An exact restatement of the data is required, with the images omitted.

*STORED DATA*:
********************

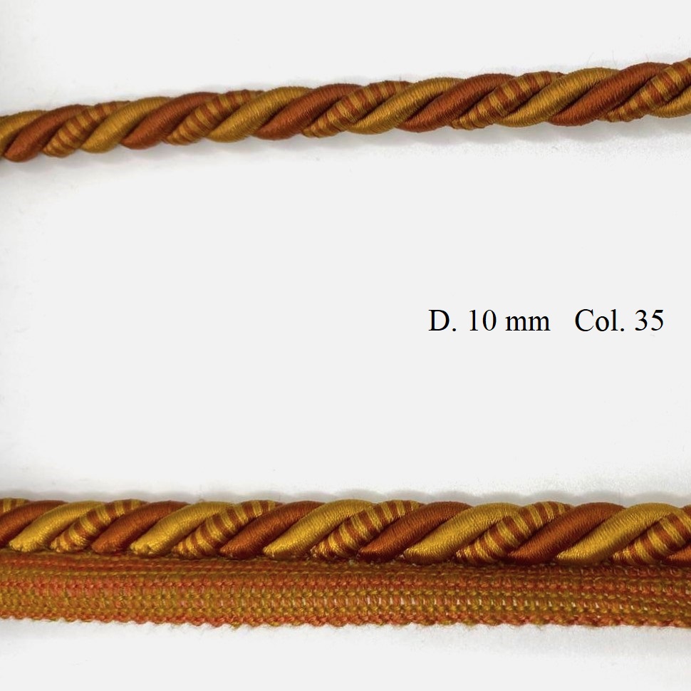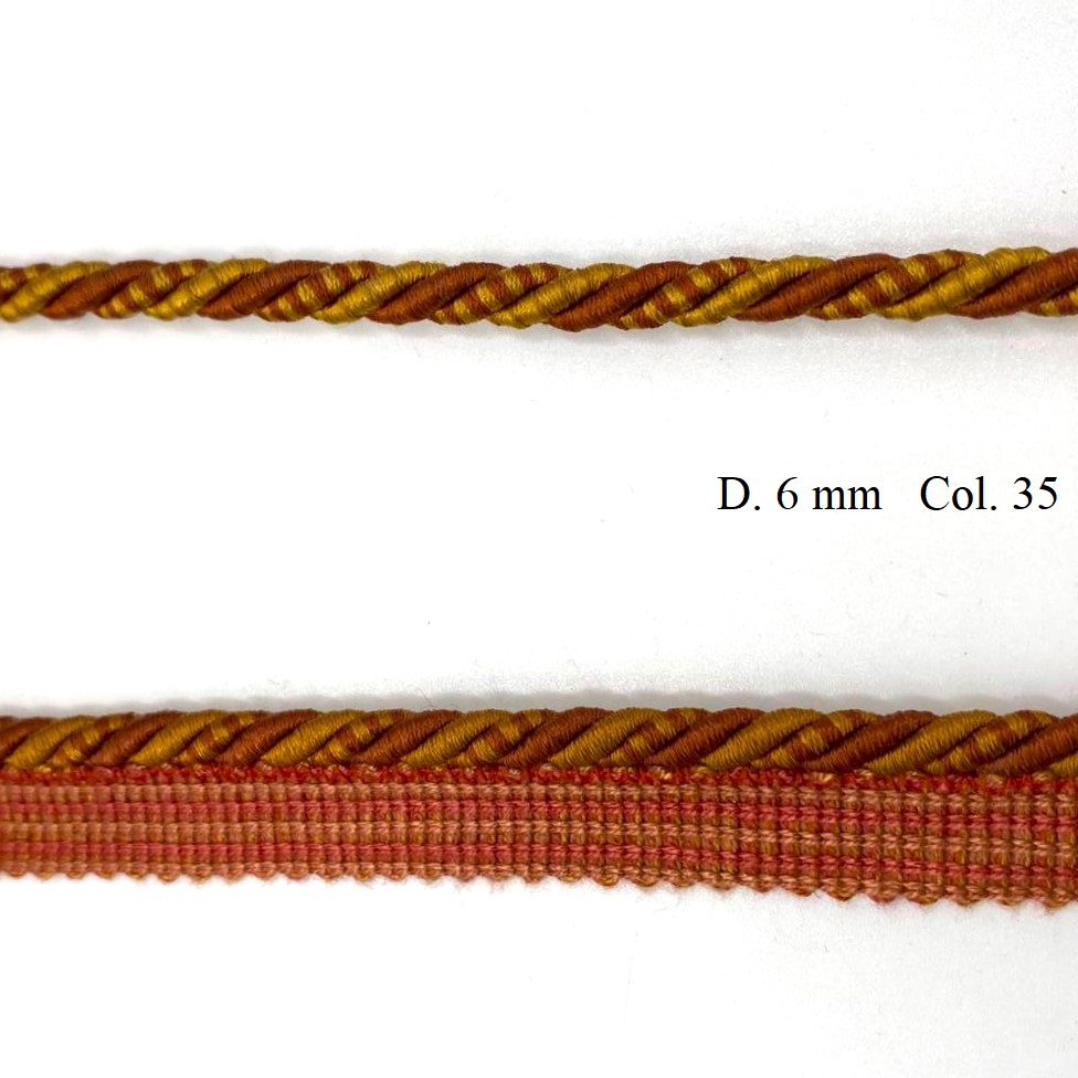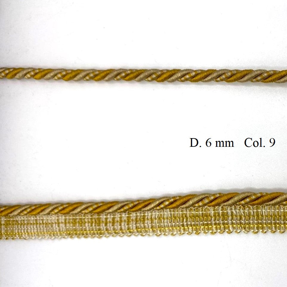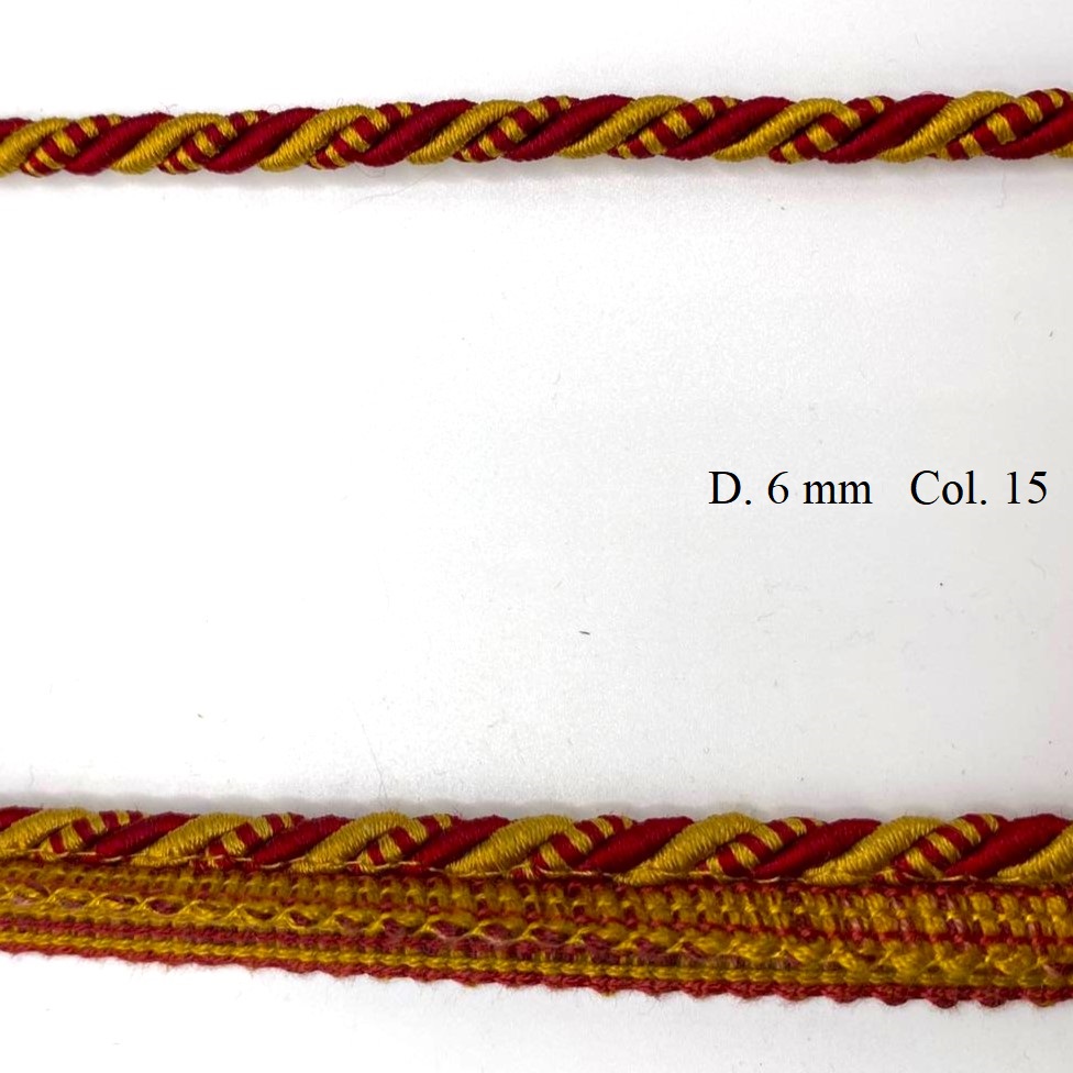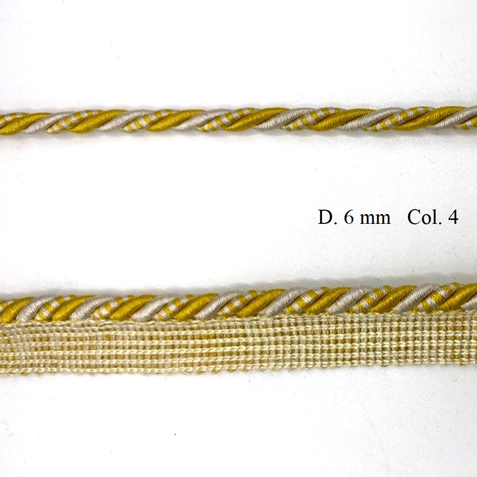 Cordone cordonetto bicolore per passamaneria, di diametro circa 6 mm e 10 mm.
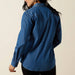This Ariat Women's True Blue Pearl Snap Shirt features a vintage indigo color and long sleeves with pearl snap closures. It includes classic Western yoke detailing and pocket styling, designed for daily wear with a comfortable, trusted fit. Crafted from 100% cotton chambray for breathability and durability.
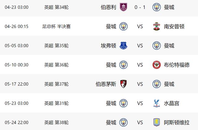 根据赛程安排,曼城最后5场比赛,除了水晶宫之外,其他4个对手都是目前排名前十的强队,他们分别是埃弗顿、布伦特福德、伯恩茅斯和维拉,这些球队都不好对付。值得一提的是,曼城对阵水晶宫和维拉两场比赛,中间相隔不到48小时,对曼城的体能将是一大考验。一旦这些比赛丢分,曼城随时可能丢冠。
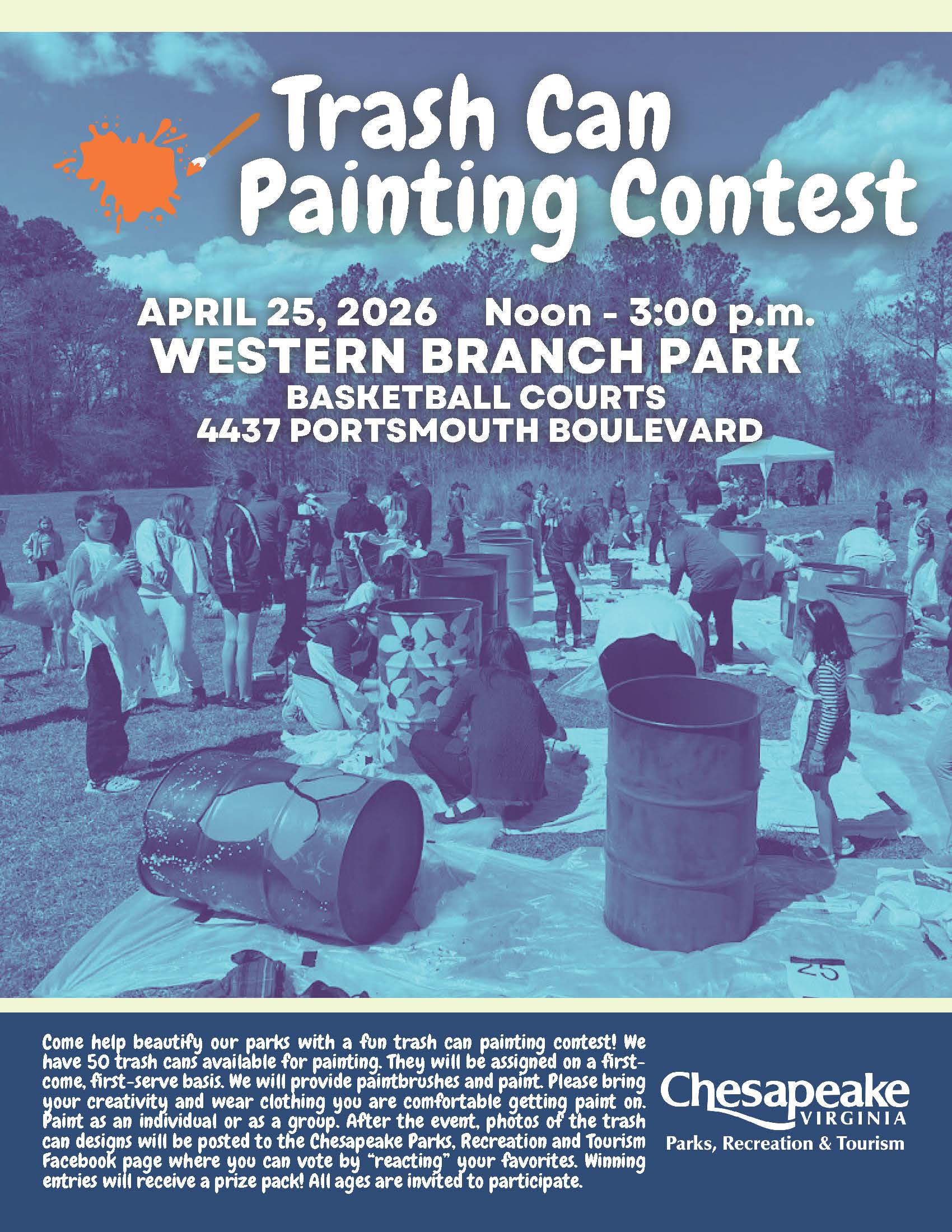 Come help beautify Chesapeake parks with a fun trash can painting contest! We have 50 trash cans available for painting. They will be assigned on a firstcome, first-serve basis. We will provide paintbrushes and paint. Please bring your creativity and wear clothing you are comfortable getting paint on. Paint as an individual or as a group. After the event, photos of the trash can designs will be posted to the Chesapeake Parks, Recreation and Tourism Facebook page where you can vote by “reacting” your favorites.

********************

*YOUR SOLUTION*:
 Cordone cordonetto bicolore per passamaneria, di diametro circa 6 mm e 10 mm.
This Ariat Women's True Blue Pearl Snap Shirt features a vintage indigo color and long sleeves with pearl snap closures. It includes classic Western yoke detailing and pocket styling, designed for daily wear with a comfortable, trusted fit. Crafted from 100% cotton chambray for breathability and durability.
 根据赛程安排,曼城最后5场比赛,除了水晶宫之外,其他4个对手都是目前排名前十的强队,他们分别是埃弗顿、布伦特福德、伯恩茅斯和维拉,这些球队都不好对付。值得一提的是,曼城对阵水晶宫和维拉两场比赛,中间相隔不到48小时,对曼城的体能将是一大考验。一旦这些比赛丢分,曼城随时可能丢冠。
 Come help beautify Chesapeake parks with a fun trash can painting contest! We have 50 trash cans available for painting. They will be assigned on a firstcome, first-serve basis. We will provide paintbrushes and paint. Please bring your creativity and wear clothing you are comfortable getting paint on. Paint as an individual or as a group. After the event, photos of the trash can designs will be posted to the Chesapeake Parks, Recreation and Tourism Facebook page where you can vote by “reacting” your favorites.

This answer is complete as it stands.